• _Try it_
Copy exactly the lines of the material below that run from the one containing "The lamp tile" through the one containing "Yeşil Bağcık Detaylı Bluz". Copy no other lines.

::: Listed records :::

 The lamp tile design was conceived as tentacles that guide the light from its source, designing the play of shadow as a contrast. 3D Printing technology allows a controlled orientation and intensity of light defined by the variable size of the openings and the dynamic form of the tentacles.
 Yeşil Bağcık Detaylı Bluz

:::
::: Listed records :::

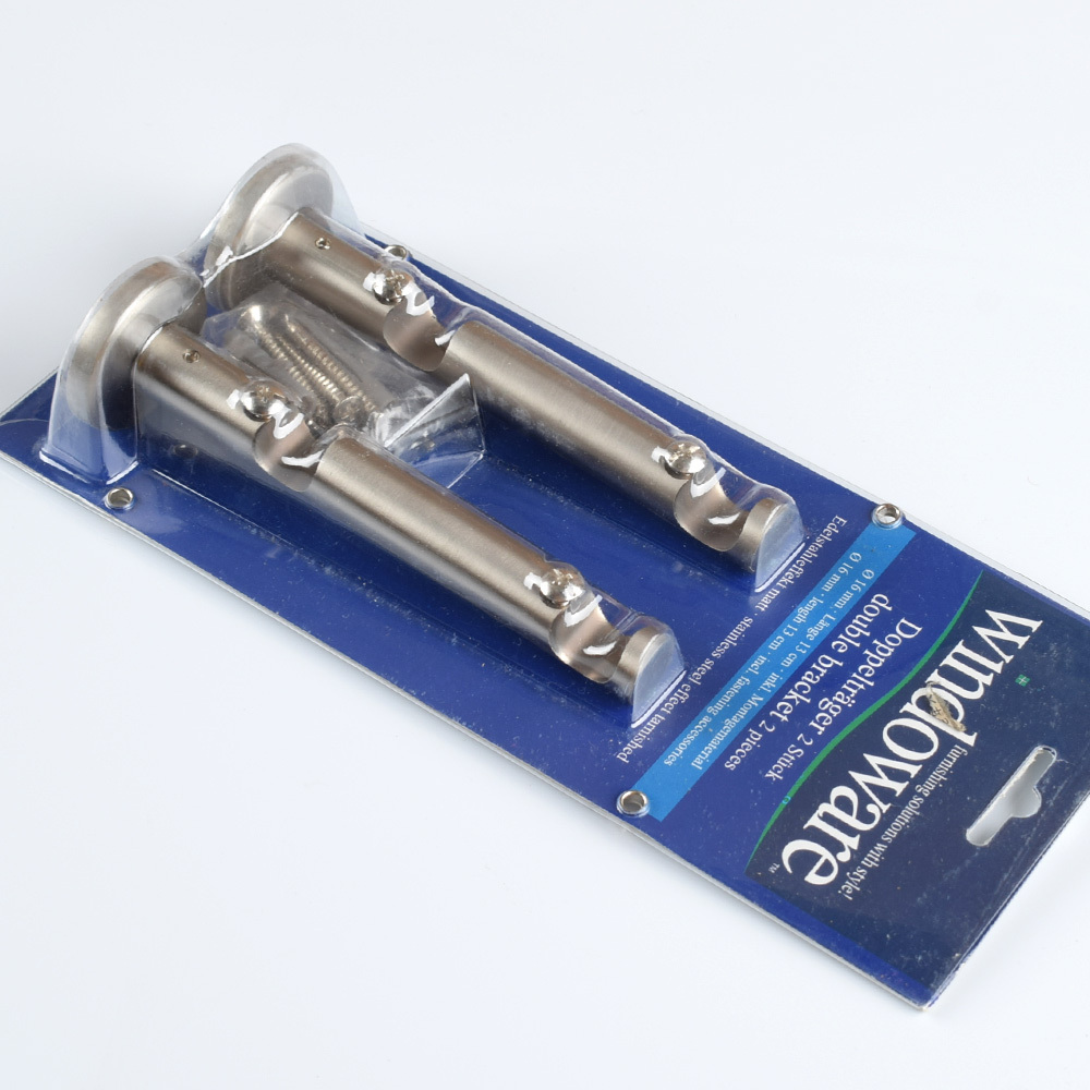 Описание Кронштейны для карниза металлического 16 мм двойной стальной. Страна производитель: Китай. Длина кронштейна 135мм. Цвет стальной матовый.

:::
::: Listed records :::

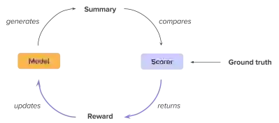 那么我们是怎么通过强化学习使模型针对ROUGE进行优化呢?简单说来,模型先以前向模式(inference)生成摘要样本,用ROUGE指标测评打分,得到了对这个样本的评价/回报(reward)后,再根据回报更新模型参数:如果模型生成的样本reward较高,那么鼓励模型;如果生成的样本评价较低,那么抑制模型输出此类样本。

:::

• _Exercise solution_
 The lamp tile design was conceived as tentacles that guide the light from its source, designing the play of shadow as a contrast. 3D Printing technology allows a controlled orientation and intensity of light defined by the variable size of the openings and the dynamic form of the tentacles.
 Yeşil Bağcık Detaylı Bluz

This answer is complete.